Figure EV1. Negative stain EM structure of ^RERdj3^WT reveals the native tetramer (related to Fig 2).

1. A negative stain micrograph of recombinant ERdj3 (^RERdj3; scale bar, 70 nm).
2. Gold standard Fourier Shell Correlation (FSC) plot reporting the resolution of the final map to be 18.9 Å (at 0.143 FSC).
3. Angular distribution of particles contributing to the 3D reconstruction, with the diameter of each sphere related to the number of particles at that Euler angle.
4. Immunoblot of ^RERdj3 or monomeric transthyretin (M‐TTR) immunopurifications (IP) of solutions containing mixtures of ^RERdj3^WT and M‐TTR, as indicated.

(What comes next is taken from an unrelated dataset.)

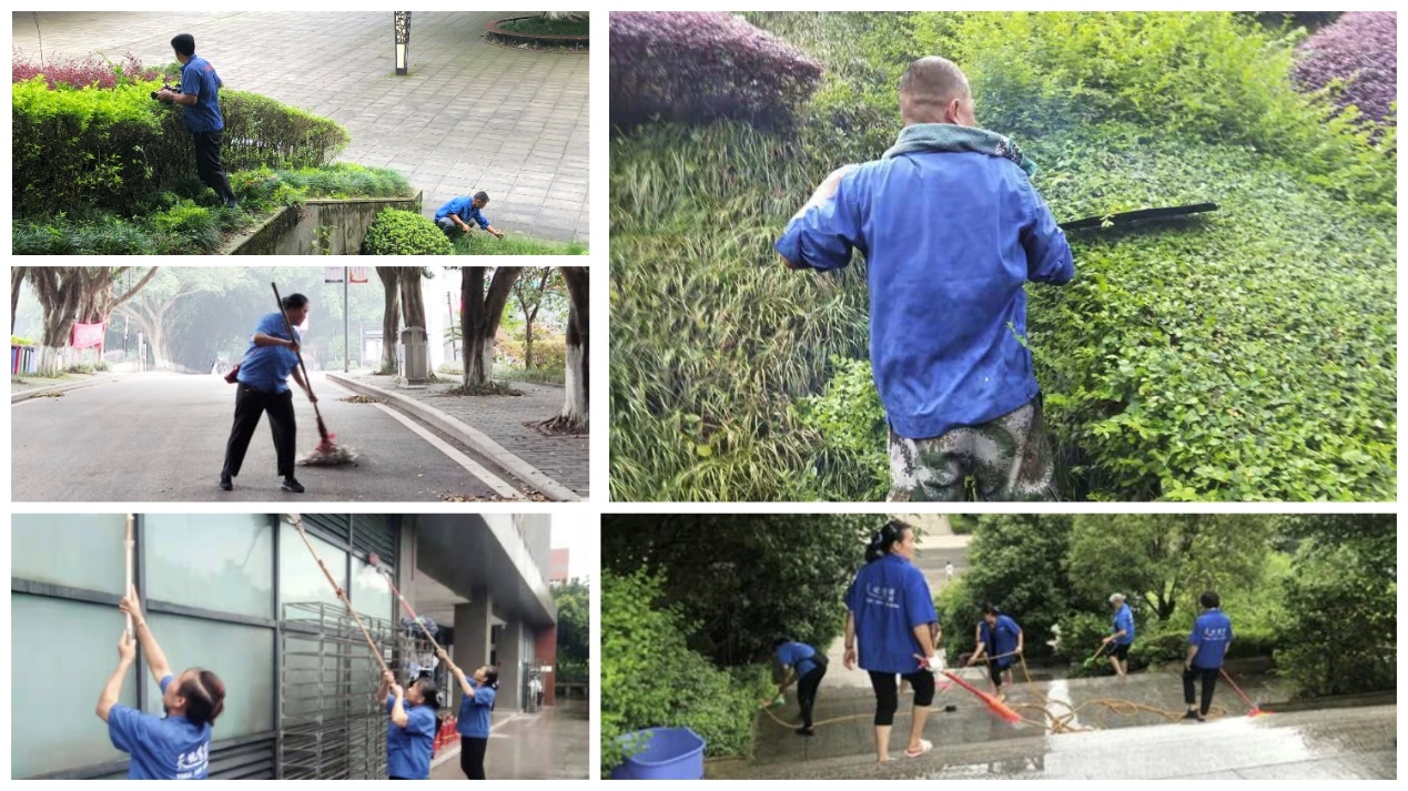 每天重复着同样的动作,清晨,大地还在熟睡,绿荫的厚重始终抵不住灼热的骄阳,热浪一阵一阵腾地而起,移通保洁员又开始忙碌的一天,冲洗地坝、道路清扫、防疫消毒、清理废旧杂物、植物养护等等。

The resulting IPs were washed with either the mild buffer used for size‐exclusion chromatography (SEC) or high‐detergent RIPA buffer, as indicated.
5. 2D reference‐free class averages of negative stained ^RERdj3^WT prepared in the presence of M‐TTR.

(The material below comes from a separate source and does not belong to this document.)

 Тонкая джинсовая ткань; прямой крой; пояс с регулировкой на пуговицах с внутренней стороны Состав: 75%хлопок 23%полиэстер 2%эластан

6. EM image showing the NMR structure of DNAJB1 J‐domain (1HDJ; Qian et al, 1996) docked into the density localized above the ERdj3 tetramer reconstruction.
7. Illustration showing the domain relationship for crosslinked peptides of ^RERdj3^WT incubated in the presence of the amine‐reactive crosslinker DSS (10 μM). Crosslinked peptides were identified by liquid chromatography/mass spectrometry and mapped onto the ^RERdj3^WT sequence using the xiNET crosslink viewer (Combe et al, 2015).

Source data are available online for this figure.